Data items:
####

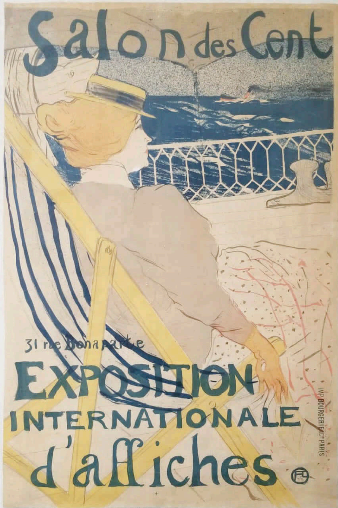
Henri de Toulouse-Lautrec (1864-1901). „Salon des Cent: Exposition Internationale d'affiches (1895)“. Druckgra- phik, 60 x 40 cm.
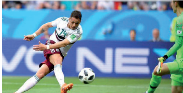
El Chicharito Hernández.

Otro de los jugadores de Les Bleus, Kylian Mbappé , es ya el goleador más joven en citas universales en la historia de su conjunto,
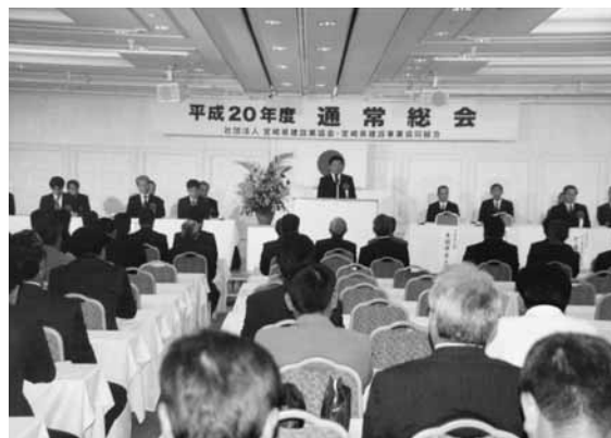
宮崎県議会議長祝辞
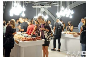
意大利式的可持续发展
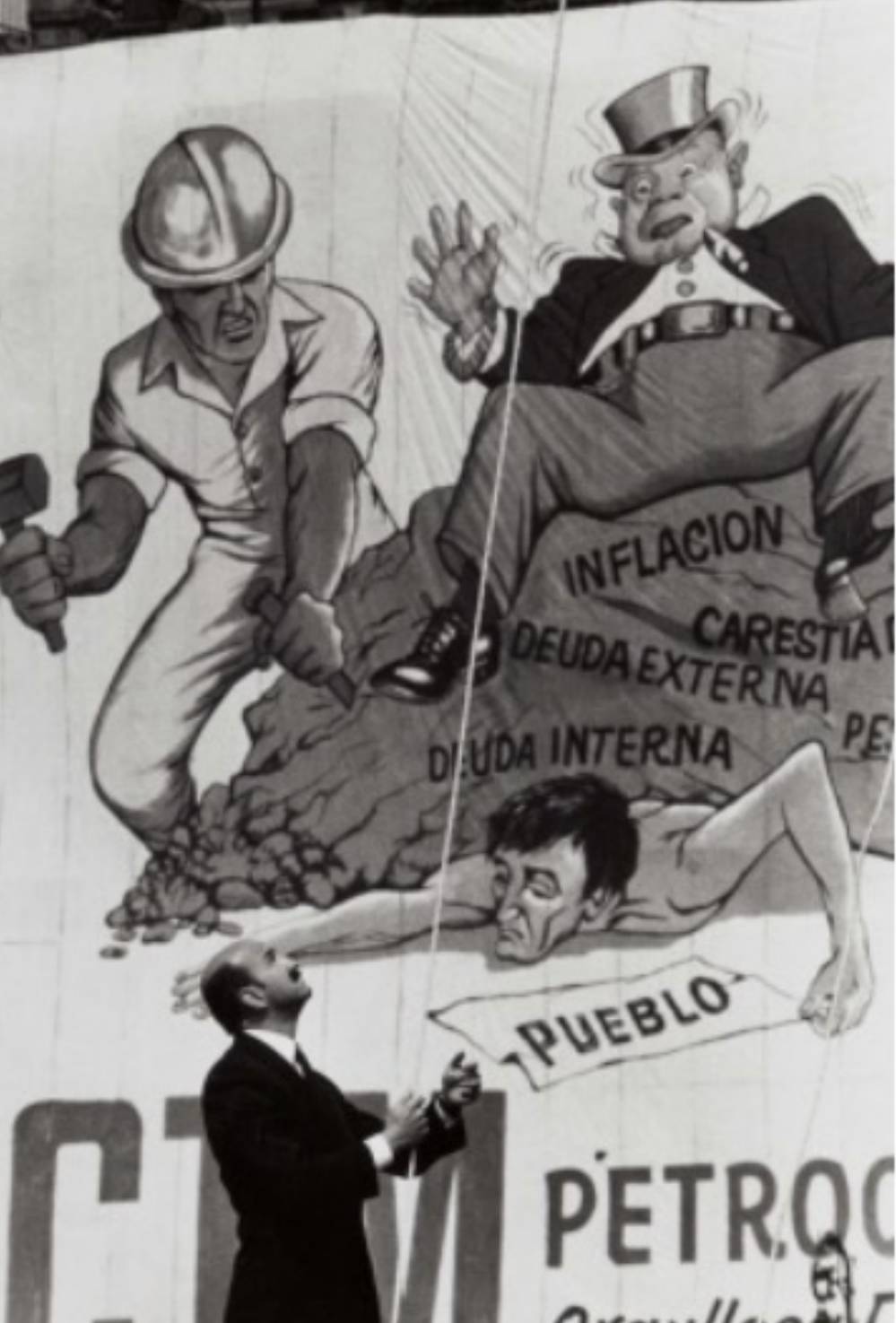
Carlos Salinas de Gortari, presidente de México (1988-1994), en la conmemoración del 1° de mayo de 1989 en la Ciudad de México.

####

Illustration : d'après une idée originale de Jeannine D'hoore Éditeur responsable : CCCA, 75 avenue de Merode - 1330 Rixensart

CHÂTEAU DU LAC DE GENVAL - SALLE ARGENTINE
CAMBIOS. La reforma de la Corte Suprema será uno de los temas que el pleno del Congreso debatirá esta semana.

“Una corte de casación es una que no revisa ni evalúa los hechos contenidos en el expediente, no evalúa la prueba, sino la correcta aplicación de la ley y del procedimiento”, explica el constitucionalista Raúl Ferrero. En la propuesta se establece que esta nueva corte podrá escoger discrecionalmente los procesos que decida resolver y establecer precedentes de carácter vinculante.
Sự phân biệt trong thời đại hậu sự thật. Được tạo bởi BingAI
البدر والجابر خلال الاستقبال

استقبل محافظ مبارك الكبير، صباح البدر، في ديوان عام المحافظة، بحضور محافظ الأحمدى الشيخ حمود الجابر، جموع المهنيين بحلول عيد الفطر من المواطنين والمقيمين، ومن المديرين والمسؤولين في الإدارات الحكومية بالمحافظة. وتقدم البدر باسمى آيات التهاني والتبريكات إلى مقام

####

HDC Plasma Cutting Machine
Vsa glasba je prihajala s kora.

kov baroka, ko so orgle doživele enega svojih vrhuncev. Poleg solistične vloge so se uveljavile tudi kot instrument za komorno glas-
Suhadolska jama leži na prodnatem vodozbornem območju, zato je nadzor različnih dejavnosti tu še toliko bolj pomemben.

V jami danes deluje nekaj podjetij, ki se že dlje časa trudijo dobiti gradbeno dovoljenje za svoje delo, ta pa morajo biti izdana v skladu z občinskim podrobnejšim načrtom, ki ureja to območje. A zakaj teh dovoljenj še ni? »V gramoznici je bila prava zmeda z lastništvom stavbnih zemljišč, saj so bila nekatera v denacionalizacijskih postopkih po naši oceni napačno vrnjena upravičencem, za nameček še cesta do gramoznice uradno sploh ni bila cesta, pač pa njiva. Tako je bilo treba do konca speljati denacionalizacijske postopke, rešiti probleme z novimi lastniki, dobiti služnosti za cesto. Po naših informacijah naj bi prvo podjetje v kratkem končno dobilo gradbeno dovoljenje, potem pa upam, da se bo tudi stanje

####

What you are asked to do | Your response should be each line that includes the word "البدر", copied from the records.

Result of the task |
البدر والجابر خلال الاستقبال
استقبل محافظ مبارك الكبير، صباح البدر، في ديوان عام المحافظة، بحضور محافظ الأحمدى الشيخ حمود الجابر، جموع المهنيين بحلول عيد الفطر من المواطنين والمقيمين، ومن المديرين والمسؤولين في الإدارات الحكومية بالمحافظة. وتقدم البدر باسمى آيات التهاني والتبريكات إلى مقام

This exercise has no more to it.